Testing software has become a major undertaking at Kindred, as we scale out the platform to millions of users. This includes:
- classic unit tests with a high coverage rate
- in the past, I had a gate configured to fail a build if coverage drops, I need to bring that back
- static code analysis with sonarqube, gated on critical severity issues in the build pipeline
- security scanning using sonarqube and snyk, gated on critical severity issues in the build pipeline
- small integration tests and load tests in the build pipeline using docker containers and docker-in-docker
- system-level integration tests triggered by the build pipeline, using ephemeral infrastructure (DBs, kafka topics, etc) and ephemeral k8s namespaces
- basic smoke tests in the form of k8s liveness/readiness probes
During my time at lumio, we initially wrote a product search engine on top of Solr, a technology similar to Elasticsearch, and also built on top of the java Lucene library. This led us down the rabbit hole of edismax queries, boosted fields, language parsing (tokenization, stemming, etc), and we built an appreciation of how hard working with multilingual freetext can become. Our search engine was awesome though, easily better than Asos and the like.
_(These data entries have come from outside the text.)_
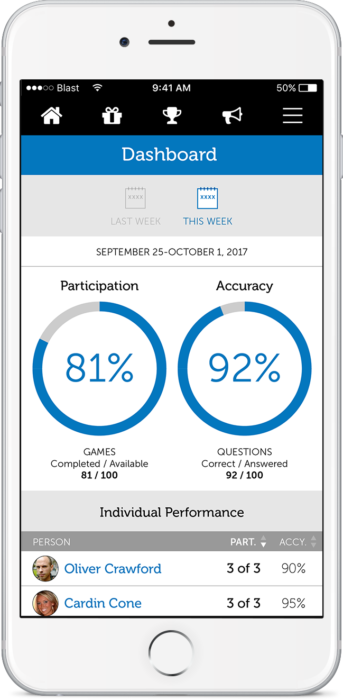The idea for Blast started with a corporate trivia game that helped assess and reinforce essential information. From there, we looked at our collective experiences in the workplace and saw a real problem with not only getting information to the front line, but keeping them engaged to improve long-term organizational performance. We are
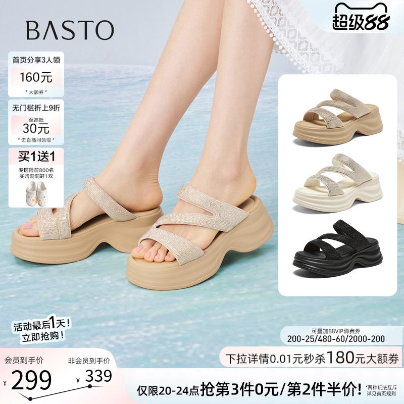 百思图2026夏季新款松糕厚底增高凉拖鞋休闲外穿女拖鞋BP579BT6
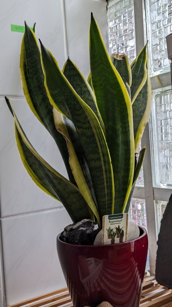 Die Sansevieria a.k.a. „Geh-mir-weg-mit-der-Gießkanne!“, die im Bad hinterm Wasserkasten steht (seit ich über den Winkel verfüge, stehen da nur besondere Pflanzen) würde sich nie so anbiedern. Wasser will sie keins und von Dünger hält sie nichts. Wer es nicht mit Mitteln der Raumluft schafft, gut auszusehen, sollte die Daseinsform wechseln.
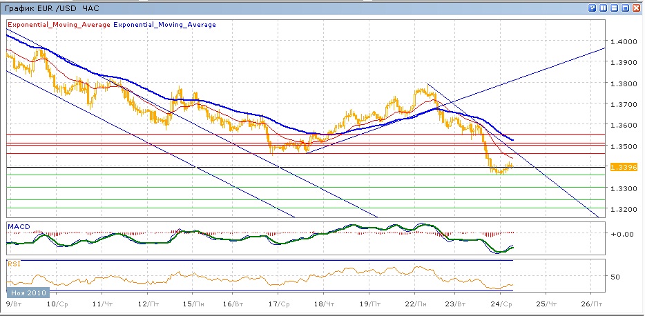 Пара снова начала снижаться. После бодрого начала в понедельник, когда пара почти добралась до уровня 1.3800, последовало мощноие снижение до трехмесячного минимума на уровне 1.3350 на фоне событий вокруг Ирландии и Корейского полуострова. С начала сегодняшних торгов пара торгуется с повышением, пытаясь преодолеть уровень 1.3400. Средние скользящие пересеклись вниз и снижаются, индикаторы MACD и RSI с пятницы находятся под своими центрлаьными линиями и растут. На сегодня цели вверх — 1.3460, далее тестирование 1.3500, затем 1.3550. Цели вниз на сегодня — 1.3360, далее тестирование 1.3300, затем 1.3240.
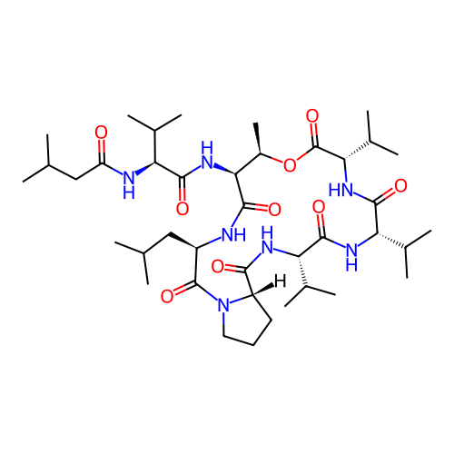 | SMILES | C[C@@H]1[C@@H](C(=O)N[C@@H](C(=O)N2CCC[C@H]2C(=O)N[C@H](C(=O)N[C@H](C(=O)N[C@H](C(=O)O1)C(C)C)C(C)C)C(C)C)CC(C)C)NC(=O)[C@H](C(C)C)NC(=O)CC(C)C |

As we pivoted, we collected terrabytes of text data. After some intensive googling, we came to the conclusion that a semi-structured approach was the only way to process such data with any degree of consistency and success. This led us down the Natural Language Processing (NLP) path. NLP uses a supervised AI model in order to extract data. We leveraged an open-source NLP library called SpaCy to do this. It proved incredibly effective at extracting structured data.
We were super excited to keep pushing with image recognition (specifically, object recognition and facial recognition) in order to extract further data, but our journey was cut short as we ran out of cash. It felt like we only dipped our feet in the AI domain.
– databse migrations
– twelve-factor apps
– ephemeral environments
– dependency injection, service providers
– facades (slf4j, open telemetry, open features)
– statically-defined contracts (open api)
– async/await workflows (IO is the biggest bottleneck)
– code quality (formatting, linting, static code analysis, sonarqube)
– testing (see above)
– fully self-contained component tests (act as documentation)
– security (trivy, snyk)
– trunk based development
– layered architecture
– load tests on day zero
I am a Mozilla guy from the 90s Netscape days. Firefox is written in C++, and Mozilla decided that C++ was not fit for purpose. Namely, the highly parallelised CSS rendering engine. As a result, Rust was born. To me this is significant. Rust was not built as an academic exercise, nor a convenience, but as a solution to a fundamental limitation of C++. This is why it has potential. If you want to know more about the motivation, look into Firefox Quantum. I drove some early adoption of Rust at Kindred. However as a manager, it has been delegating, rather than hands-on.